Kandinsky: ter definiëring van ‘het geestelijke in de kunst’ verwees hij niet naar Titiaan of Rembrandt maar naar Boecklin en Segantini.
Mondriaan: madame Blavatzky en Schoenmaekers waren zijn geestelijke voorlichters.
Beuys, de stukapiloot die stuntman werd: hoor hem, terwijl Schillebeeckx al zweert bij Bhagwan en Marx, oreren over de ‘nog lang niet uitgeputte mogelijkheden van het christendom’.
Bij Magritte drukken foto’s van zijn schilderijen vaak de idee die hem voor de geest stond scherper uit dan de schilderijen zelf. Magritte schilderde zijn logica te flodderig. Hij was echt een ‘slechte schilder’.

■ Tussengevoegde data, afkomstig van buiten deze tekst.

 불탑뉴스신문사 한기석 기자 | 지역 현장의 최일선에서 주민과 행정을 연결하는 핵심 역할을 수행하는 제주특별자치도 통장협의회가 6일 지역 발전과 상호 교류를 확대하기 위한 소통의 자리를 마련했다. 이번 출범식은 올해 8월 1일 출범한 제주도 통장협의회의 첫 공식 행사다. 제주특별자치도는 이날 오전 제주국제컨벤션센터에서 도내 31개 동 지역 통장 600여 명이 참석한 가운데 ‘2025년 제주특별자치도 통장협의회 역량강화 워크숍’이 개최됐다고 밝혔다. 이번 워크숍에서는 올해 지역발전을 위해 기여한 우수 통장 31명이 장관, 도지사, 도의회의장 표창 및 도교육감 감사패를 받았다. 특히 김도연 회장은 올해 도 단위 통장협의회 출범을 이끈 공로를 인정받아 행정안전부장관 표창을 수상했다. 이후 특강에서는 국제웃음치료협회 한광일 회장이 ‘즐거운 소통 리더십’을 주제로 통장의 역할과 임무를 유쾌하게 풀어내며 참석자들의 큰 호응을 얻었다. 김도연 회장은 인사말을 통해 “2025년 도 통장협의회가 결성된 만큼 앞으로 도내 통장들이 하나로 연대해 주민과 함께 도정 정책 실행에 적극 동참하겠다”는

Een van de grootste bedreigingen voor de literatuur van nu: de professionalisering ervan. Kijk naar de manier waarop vertalers, ook poëzievertalers, teamsgewijs te werk gaan. Kijk naar de koude berekening en plichtmatigheid waarmee ook gerenommeerde schrijvers ieder jaar hun seller op de markt brengen, naar de uitgeverijen die tekstverwerkingsbedrijven worden, naar de Vereniging van Letterkundigen waar men een jaar of wat geleden Vakbond van Schrijvers aan vastgeplakt heeft. De tijd van de schoenlapper in zijn pothuis en van de intellectueel in zijn studeerkamer is voorbij. Of men het weten wil of niet, Albert Heyn en de Hema leveren nu het model. En zij die theoretisch het hardst roepen dat het marktmechanisme een uitvinding van de duivel is, werken er vaak practisch het ijverigst aan mee.

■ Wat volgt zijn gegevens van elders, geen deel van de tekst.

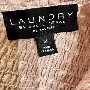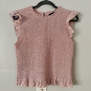 Laundry by Shelli Segal Ruffle / Elastic Blouse. It is a feminine, sleeveless top characterized by its all-over smocked texture and delicate ruffle details.

Men kan de nadruk leggen op de vorm en hem daarmee wegleiden van de inhoud. De ‘pure’ formalisten hebben weinig of niets te zeggen dat mensen, ongespecialiseerd gebleven mensen zoals u en mij, boeit. Niet iedereen is een Celan! Overheersende aandacht voor de inhoud levert nooit poëzie op maar vaag gefilosofeer en geredeneer, dat is ook genoegzaam bekend. Daarom is een derde houding (die meteen de oudste en de beproefdste is) noodzakelijk. Evenveel nadruk op de vorm – maar onopvallend – als – maar onopvallend – op de inhoud.

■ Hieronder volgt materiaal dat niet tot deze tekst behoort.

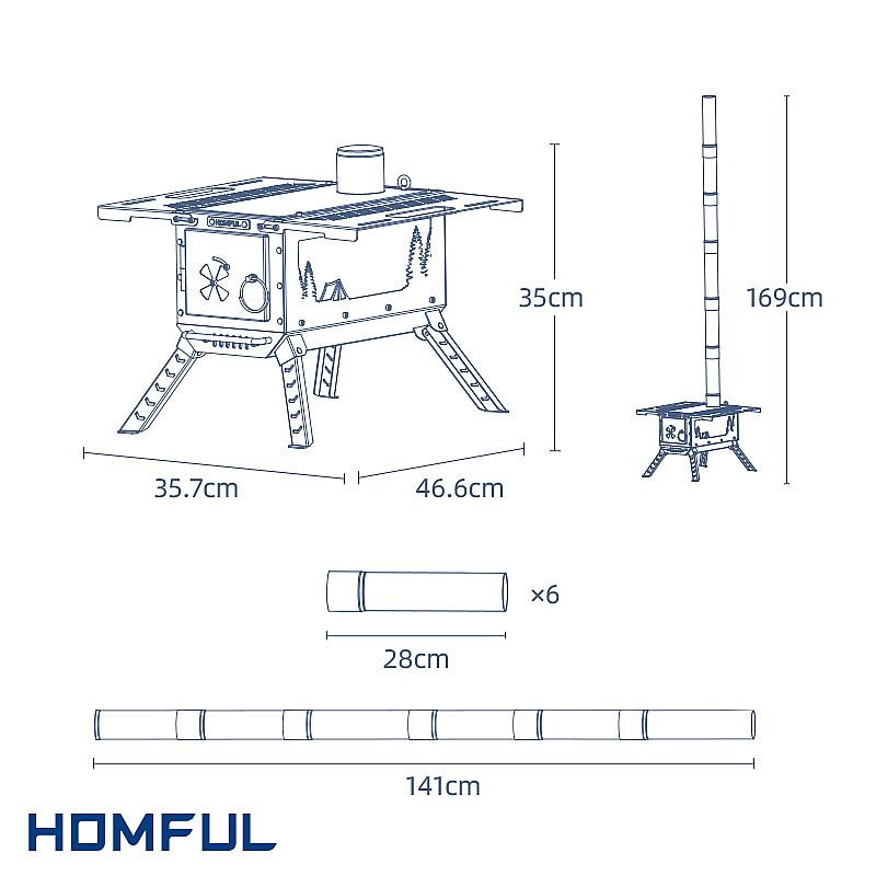 이 스토브는 2차 연소로 설계되어 스토브에 나무를 채우고 밤에 불을 붙일 수 있으며 연료는 밤새 고르게 연소됩니다. 텐트 스토브는 캠핑 텐트 난방, 낚시, 요리, 핫팟, 파티, 팀 빌딩 등과 같이 캠핑 텐트 내부 또는 외부에서 야외에서 화덕 바베큐 그릴 또는 요리 항목으로 사용하도록 설계되었습니다.

Toenadering zoeken tot de spreektaal, niet tot de triviale mededelingen die daarin gedaan worden maar tot het semantisch en ritmisch skelet. Aanhechting vinden daaraan. Spierigheid.
Techniek in de poëzie is niet waar of onwaar. Dat wat iemand zegt is waar of onwaar.
De ‘beelden’ in de poëzie zijn er om het essentiële gebaar uit te drukken (meer dan een gebaar is er niet). Als de beelden het gebaar in de weg staan, het wegdrukken, wordt de poëzie onherroepelijk literatuur. Poëzie is alleen dan poëzie, als de beelden het gebaar oproepen. Het gebaar: een bijna niets, iets dat je tastbaar zou willen doen zijn en dat het tenslotte niet is en niet kan wezen. De beelden geven aan wat de dichter weet, of hij weet dat het om het gebaar begonnen is. Zuivere poëzie, een pleonasme. Er is poëzie, er is daarnaast het poëtische genre of hoe men het noemen wil.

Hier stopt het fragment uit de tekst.